▶ _Exercise goal_
Nothing but the records, repeated word for word and free of pictures, belongs in the answer.

▶ _Materials provided_
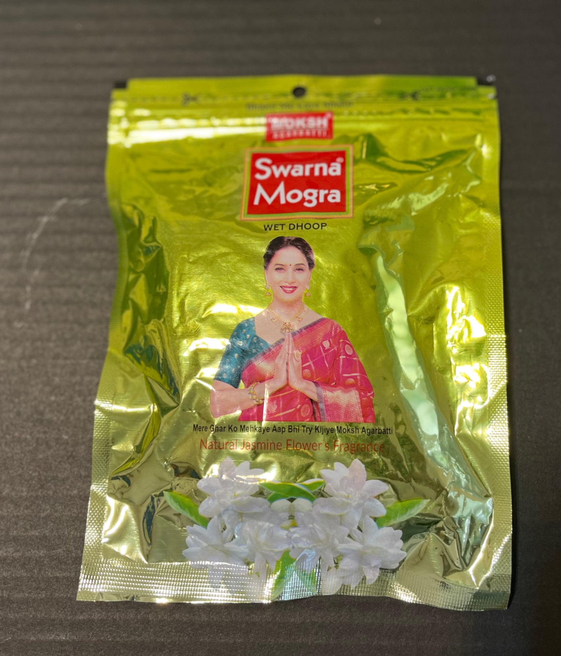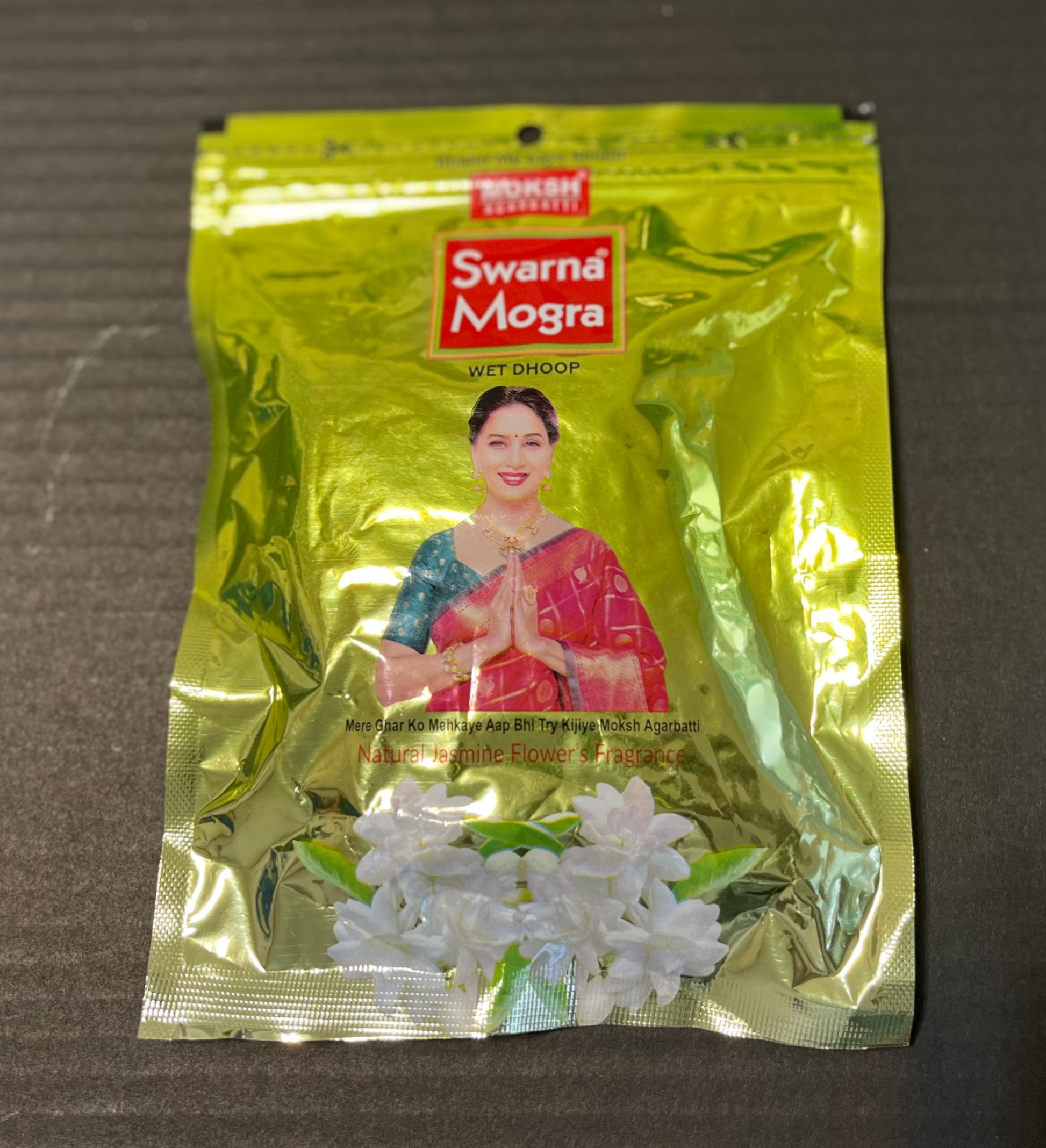 Swarna Mogra Dhoop Batti is an aromatic biotic material that releases Mogra fragrance. The term is used for either the material or the aroma. It is used for aesthetic reasons, aromatherapy, meditation, and ceremony.
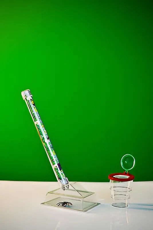 Ловушка представляет собой прозрачную емкость с выдвижной крышкой. Прозрачность дает возможность рассмотреть насекомое прямо в ловушке, не перекладывая его в другой сосуд. Длина ручки позволяет использовать любую ее часть в зависимости от размеров и прыткости насекомых (можно взяться за ручку непосредственно у основания ловушки или за самый край). Поскольку ручка тоже прозрачная, ее можно использовать для разделения некоторых насекомых в случае необходимости, вынув цветной вкладыш и поместив туда насекомое.
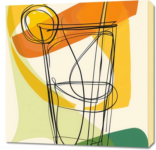 Obraz z serii boho zatytułowany Koktajl Artystyczny to kreatywne połączenie kolorów i linii, które razem tworzą abstrakcyjne przedstawienie szklanki z napojem. Dynamiczne, czarne kontury rysują się swobodnie, sugerując kształt i formę, podczas gdy tło w ciepłych odcieniach żółci i pomarańczy z nutą zieleni dodaje kompozycji letniego klimatu. Ten obraz przyciąga uwagę swoją swobodą formy i świeżością, nadając wnętrzu poczucie radosnej, niezobowiązującej atmosfery. Idealny dla tych, którzy chcą dodać swojemu otoczeniu odrobiny kulinarnego szaleństwa i artystycznego smaku.
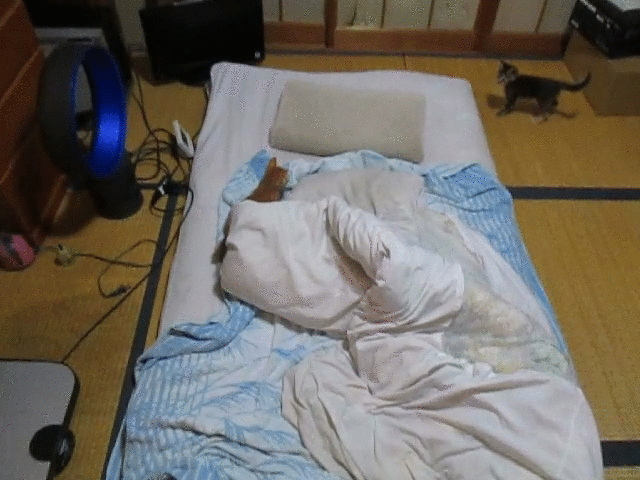 お食事の後は未だ十分にお掃除の済んでいない、オイラの寝床で運動です。
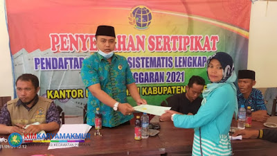 Pemberian Sertifikat Tanah ini sebagai upaya untuk menertibkan administrasi tanah desa, sehingga masyarakat tidak lagi susah payah dalam mengurus surat-surat tanah.
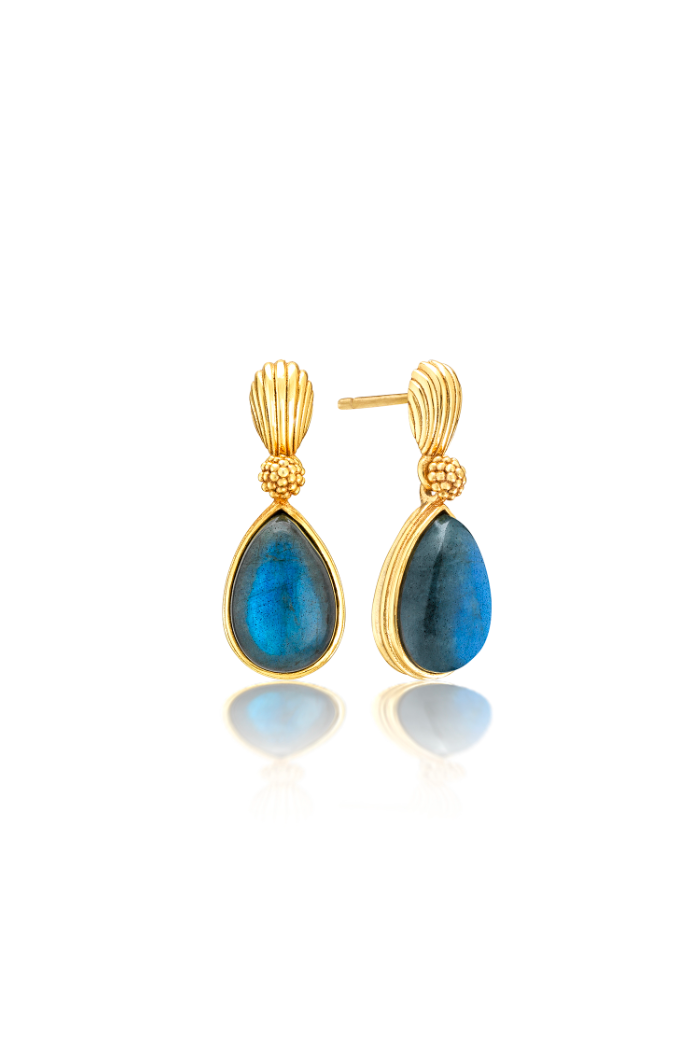 These day-to-night earrings are equally dramatic and demure, with luminous drops of blue labradorite gemstones that delicately dance around your face. Ready to take you from the boardroom to the ballroom.
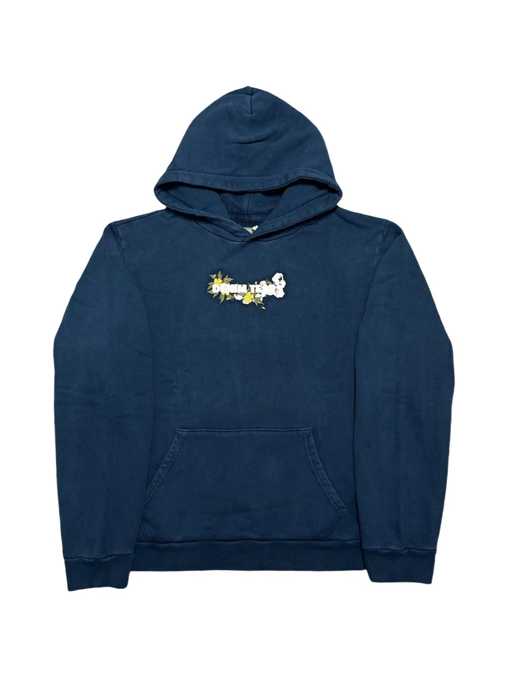 embroidered floral logo hoodie Highlights - Navy blue - Floral embroidery - Logo lettering - Hood - Pouch pocket Imported Composition Fabric 100% Washing instructions Read Manufacturer Guidelines
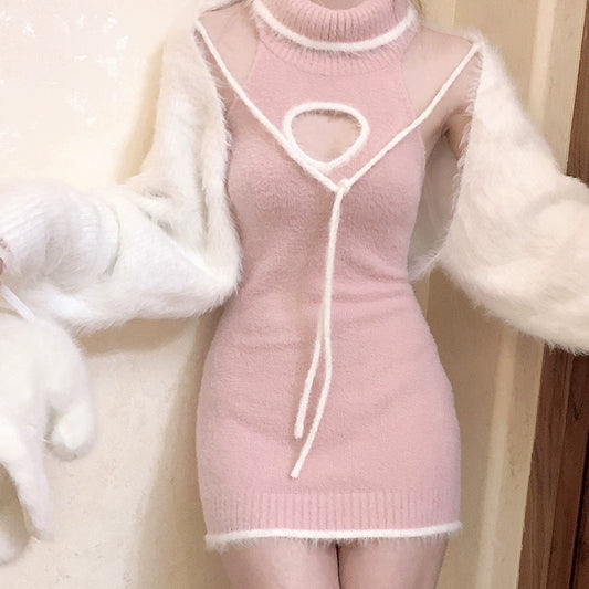 Imitation mink fur soft pink handmade fur ball cat ear hat scarf
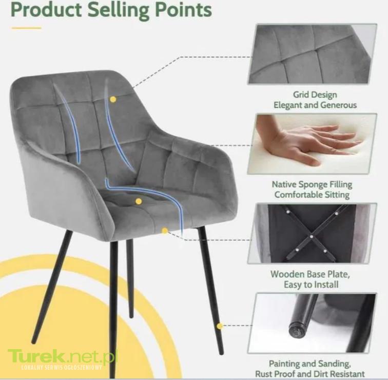Wygodna poduszka siedziska: wyposażona w piankę o dużej gęstości wewnątrz zapewniającą wysoki komfort siedzenia, ponadto mają w pełni wyściełane krzesła z miękką welurową podszewką wewnętrzną zapewniającą większy komfort i miękkość.

▶ _Output for this exercise_
 Swarna Mogra Dhoop Batti is an aromatic biotic material that releases Mogra fragrance. The term is used for either the material or the aroma. It is used for aesthetic reasons, aromatherapy, meditation, and ceremony.
 Ловушка представляет собой прозрачную емкость с выдвижной крышкой. Прозрачность дает возможность рассмотреть насекомое прямо в ловушке, не перекладывая его в другой сосуд. Длина ручки позволяет использовать любую ее часть в зависимости от размеров и прыткости насекомых (можно взяться за ручку непосредственно у основания ловушки или за самый край). Поскольку ручка тоже прозрачная, ее можно использовать для разделения некоторых насекомых в случае необходимости, вынув цветной вкладыш и поместив туда насекомое.
 Obraz z serii boho zatytułowany Koktajl Artystyczny to kreatywne połączenie kolorów i linii, które razem tworzą abstrakcyjne przedstawienie szklanki z napojem. Dynamiczne, czarne kontury rysują się swobodnie, sugerując kształt i formę, podczas gdy tło w ciepłych odcieniach żółci i pomarańczy z nutą zieleni dodaje kompozycji letniego klimatu. Ten obraz przyciąga uwagę swoją swobodą formy i świeżością, nadając wnętrzu poczucie radosnej, niezobowiązującej atmosfery. Idealny dla tych, którzy chcą dodać swojemu otoczeniu odrobiny kulinarnego szaleństwa i artystycznego smaku.
 お食事の後は未だ十分にお掃除の済んでいない、オイラの寝床で運動です。
 Pemberian Sertifikat Tanah ini sebagai upaya untuk menertibkan administrasi tanah desa, sehingga masyarakat tidak lagi susah payah dalam mengurus surat-surat tanah.
 These day-to-night earrings are equally dramatic and demure, with luminous drops of blue labradorite gemstones that delicately dance around your face. Ready to take you from the boardroom to the ballroom.
 embroidered floral logo hoodie Highlights - Navy blue - Floral embroidery - Logo lettering - Hood - Pouch pocket Imported Composition Fabric 100% Washing instructions Read Manufacturer Guidelines
 Imitation mink fur soft pink handmade fur ball cat ear hat scarf
Wygodna poduszka siedziska: wyposażona w piankę o dużej gęstości wewnątrz zapewniającą wysoki komfort siedzenia, ponadto mają w pełni wyściełane krzesła z miękką welurową podszewką wewnętrzną zapewniającą większy komfort i miękkość.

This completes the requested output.